Vaijayanthi is not lying when she says the kayak community is starting to build up.  In addition to the pro category, this year’s Malabar Festival hosted an intermediate competition specifically designed for local kayakers. The intermediate competition saw a huge turnout of 22 competitors in the men’s category and 9 competitors in the women’s category. Even the professional kayakers who traveled across the world to compete at the festival were impressed with the talent shown by the local kayakers. Mike Dawson of New Zealand, and the winner of the men’s pro competition had nothing but good things to say about the local kayakers. “I have so much respect for the local kayakers. I was stoked to see huge improvements from these guys since I met them in 2015. It was cool to see them ripping up the rivers and also just trying to hang out and ask as many questions about how to improve their paddling. It was awesome to watch them racing and making it through the rounds. Look out for these guys in the future because there are some future stars there.”

Photo: Akash Sharma


“It was awesome because you had such a great field of racers so you had to push it and be on your game without making a mistake”

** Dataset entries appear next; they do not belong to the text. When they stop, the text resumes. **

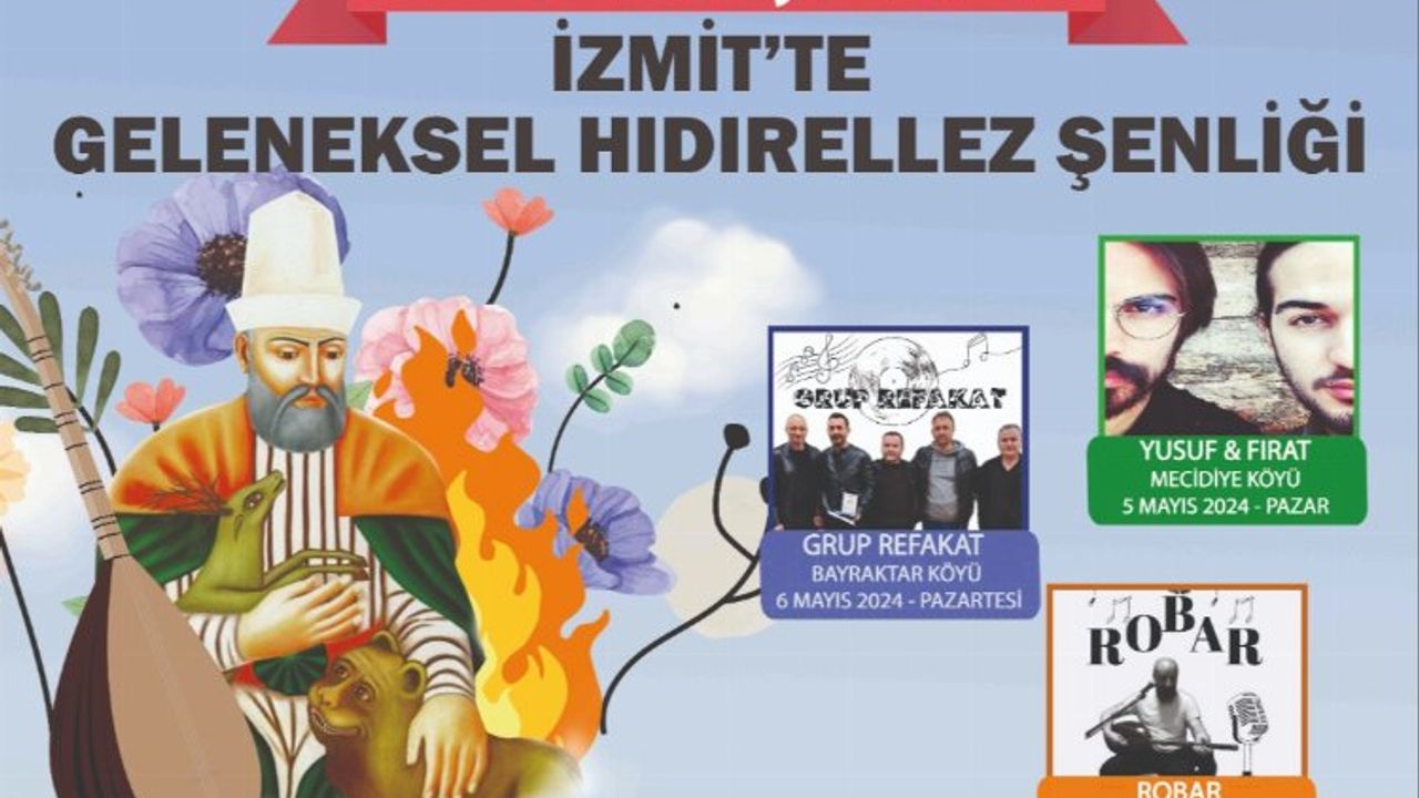 İzmit Belediyesi, doğanın uyanışı ve baharın gelişini temsil eden Hıdırellez sebebiyle Balören, Mecidiye ve Bayraktar’da Hıdırellez Şenlikleri düzenleyecekKOCAELİ (İGFA) - İzmit Belediyesi Kültür ve Sosyal İşler Müdürlüğü bünyesinde bu yıl da baharın müjdecisi Hıdırellez büyük bir coşkuyla kutlanacak. 5-6-7 Mayıs tarihlerinde İzmit’in farklı noktalarında düzenlenecek olan Hıdırellez programları, baharın gelişini coşkuyla karşılayacak olan herkesi bir araya getirecek.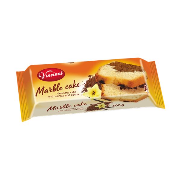 Το Vincinni Κέικ Μαρμπρέ 300g είναι ένα αφράτο κέικ με γεύση βανίλια και κακάο, γνωστό και ως κέικ ανάμικτο. Η χαρακτηριστική του εμφάνιση με τα στροβιλισμένα σχέδια βανίλιας και κακάο το καθιστά ιδανικό συνοδευτικό για τον καφέ ή το τσάι σας.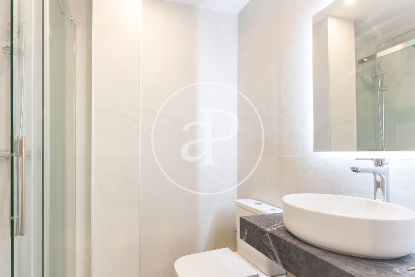 Aquest espectacular àtic de 101 m² al Born és una joia arquitectònica que combina l'elegància clàssica d'una finca règia amb el confort i la modernitat d'una reforma integral d'alta gamma, la finalització de la qual està prevista per a finals del 2025. Ubicat en una cinquena planta real, la seva orientació i els seus amplis finestrals garanteixen una entrada excepcional de llum natural durant tot el dia, realçant cada racó de l'habitatge. El disseny de l'espai ha estat pensat per oferir amplitud, funcionalitat i confort. La zona de dia es compon d'una sala d'estar-menjador diàfana, amb acabats en tons neutres i materials de primera qualitat, que s'obre a una terrassa de 17 m². Aquest espai exterior és perfecte per gaudir del clima mediterrani, crear una zona de relax o fins i tot un menjador a l'aire lliure. A més, la propietat compta amb una segona terrassa de 27 m², un autèntic oasi privat amb múltiples possibilitats, des d'una zona chill-out fins a un jardí urbà. L'habitatge disposa de dues habitacions dobles espaioses, dissenyades per oferir confort i tranquil·litat, amb armaris encastats i grans finestrals que potencien la sensació de lluminositat. Els dos banys complets destaquen pel seu disseny elegant i funcional, amb acabats d'alta qualitat, aixetes modernes i dutxes d'efecte pluja. Equipat amb aire condicionat i calefacció, assegura confort durant tot l'any. La finca on es troba aquest àtic és un edifici senyorial que conserva elements originals de gran valor arquitectònic, aportant caràcter i exclusivitat a la propietat. La seva ubicació en una de les zones més emblemàtiques de Barcelona permet gaudir d'un entorn ple d'història amb galeries d'art, places amb encant, comerços locals i una oferta gastronòmica excel·lent. Aquest àtic és una oportunitat única per a aquells que busquen un habitatge de luxe i disseny al cor de la ciutat, amb la garantia d'una reforma per estrenar i el privilegi de comptar amb espais exteriors privats. Si vols més informació sobre aquest exclusiu àtic o concertar una visita, no dubtis a contactar amb nosaltres!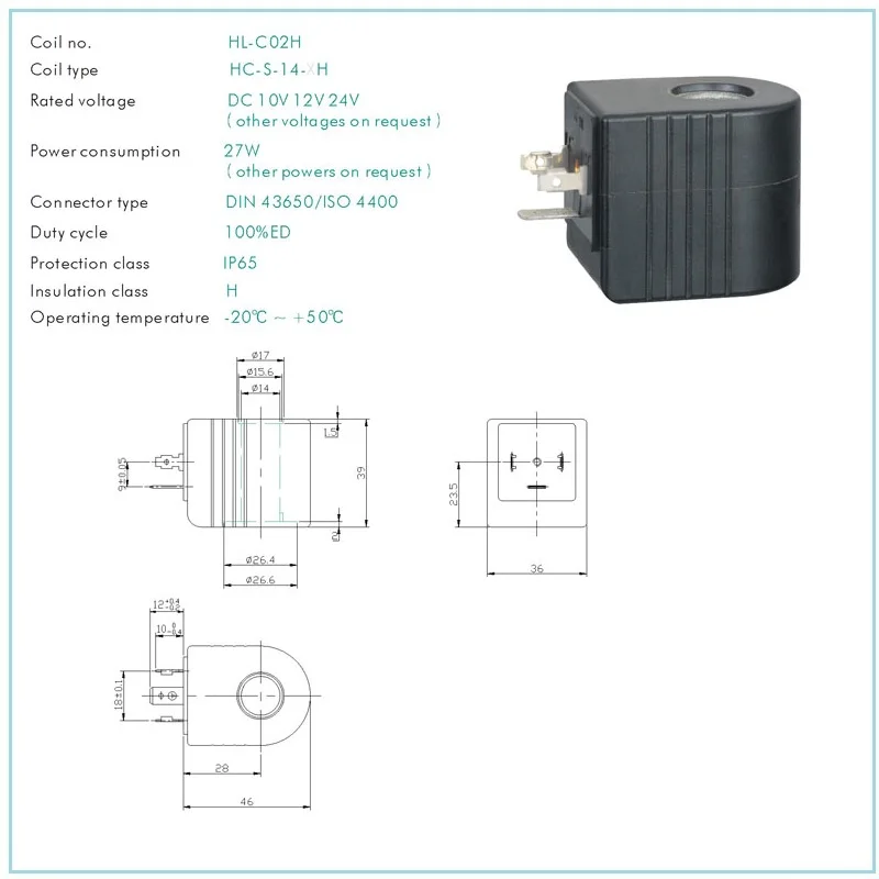 HC-S-14-H картридж электромагнитный valvevs DC 10 в 12 В 24 в DIN разъем диаметр 14 мм квадратная соленоидная катушка

Vaijayanthi says the festival has future goals of being named a world championship.  In order to do this, they have to attract world class kayakers to the event.  With names like Dane Jackson, Nouria Newman, Nicole Mansfield, Mike Dawson, and Gerd Serrasolses coming out for the pro competition, it already seems like they are doing a good job of working toward that goal! The pro competition was composed of four different kayaking events- boatercross, freestyle, slalom, and a superfinal race down a technical rapid. “The Finals of the extreme racing held on the Malabar Express was the favourite event for me. It was an epic rapid to race down. 90 seconds of continuous whitewater with a decent flow. It was awesome because you had such a great field of racers so you had to push it and be on your game without making a mistake.” says Dawson.

Photo: Akash Sharma

The impressive amount of prize money wasn’t the only thing that lured these big name kayakers to Kerala for the festival. Many of the kayakers have stayed in South India after the event ended to explore the rivers in the region. With numerous unexplored jungle rivers, the possibilities for exploratory kayaking are seemingly endless. Dawson knows the exploratory nature of the region well.  “I’ve been to the Malabar River Fest in 2015. I loved it then, and that’s why I’ve been so keen to come back. Kerala is an amazing region for kayaking. In the rainy season there is so much water, and because the state has tons of mountains close to the sea it means that there’s a lot of exploring and sections that are around. It’s a unique kind of paddling, with the rivers taking you through some really jungly inaccessible terrain. Looking forward to coming back to Kerala and also exploring the other regions of India in the future.”